Pope 'deeply saddened’ for Japan’s flood victims

Cardinal Parolin signs message full of encouragement and blessing for relief efforts. Meanwhile, rescuers are carrying out a house-to-house search for survivors, with dwindling hope. The death toll rises to 156 but is expected to get worse. Thousands are in shelters. Authorities warn against the effects of 35-degree heat on construction workers.

Vatican City (AsiaNews) – Pope Francis has expressed his deep sadness over the fate of flood victims in Japan and voiced his closeness and solidarity for all those affected in a telegram signed by the Cardinal Pietro Parolin Secretary of State.
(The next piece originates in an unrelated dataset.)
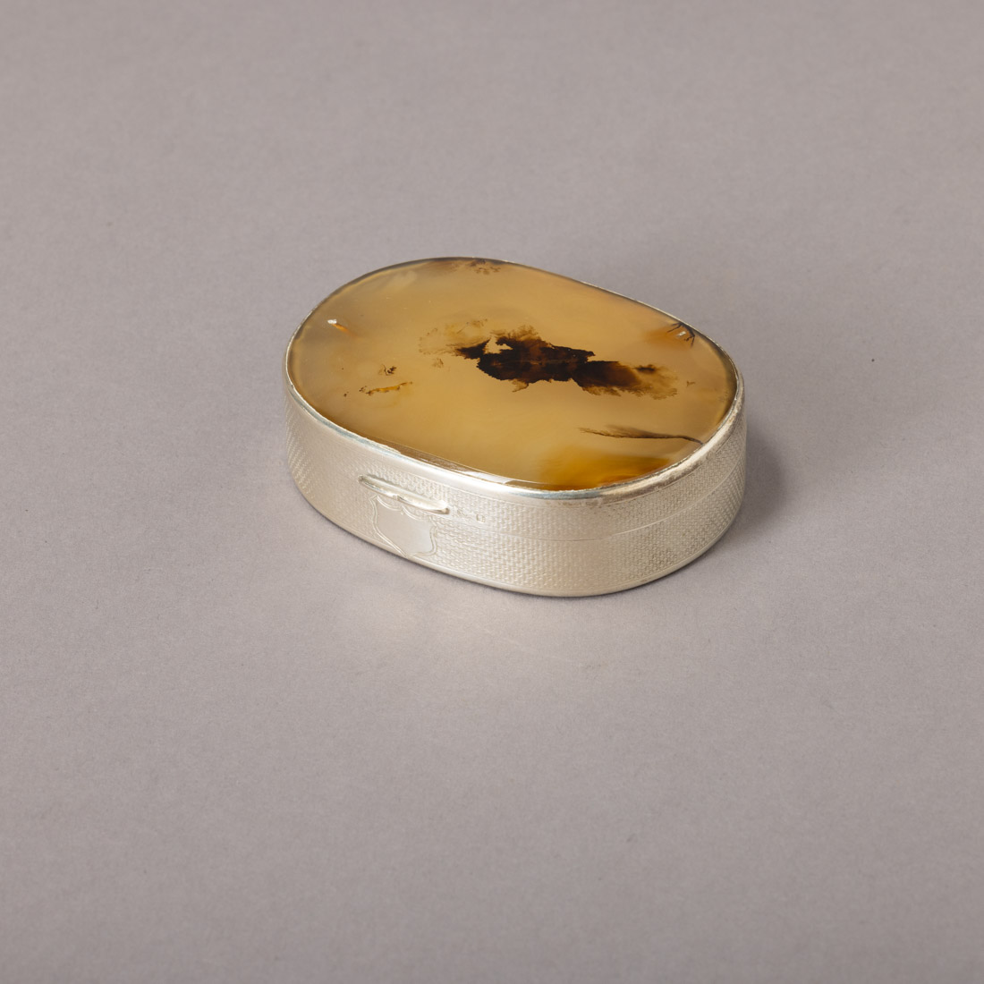 Em prata portuguesa contraste javali (1887-1937) de 833, decoração guilhochada, tampa com placa oval em ágata. Sinais de uso.

"Deeply saddened to learn of the loss of life and of the injury caused by the serious floods following the heavy rains in Japan, His Holiness Pope Francis expresses heartfelt solidarity with all those affected by this tragedy,” said the message.
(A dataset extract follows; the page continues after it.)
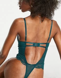 Wolf & Whistle Fuller Bust Sheer Mesh And Lace Body In Teal For Women

“His Holiness prays especially for the repose of the deceased, the healing of those injured and the consolation of all those who grieve. The Holy Father likewise offers encouragement to the civil authorities and all those involved in the search and rescue efforts as they assist the victims of this disaster. Upon all he willingly invokes abundant blessings.”
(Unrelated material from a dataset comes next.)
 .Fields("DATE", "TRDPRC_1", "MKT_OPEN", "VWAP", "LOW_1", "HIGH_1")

Meanwhile, rescuers are carrying out house-to-house searches in the increasingly unlikely hope of finding survivors.

"It's what we call a grid operation, where we are checking every single house to see if there are people still trapped inside them," said an official with the local Okayama prefecture government. "We know it's a race against time, we are trying as hard as we can."

The deadly floods and landslides have claimed so far 156 lives in what is Japan's worst weather-related disaster since 1982, a toll bound to rise.

It is feared that the elderly and weaker people may not have escaped before the rains gained strength and, in some cases, dragged wooden houses away.

Thousands of people remain in shelters, and local authorities in some areas were offering drinking water and bathing services for those without their own supply.

Japan’s summer heat is compounding the problem. Chief Cabinet Secretary Yoshihide Suga warned that people working in construction could suffer as temperatures are expected reach 35 Celsius in some areas.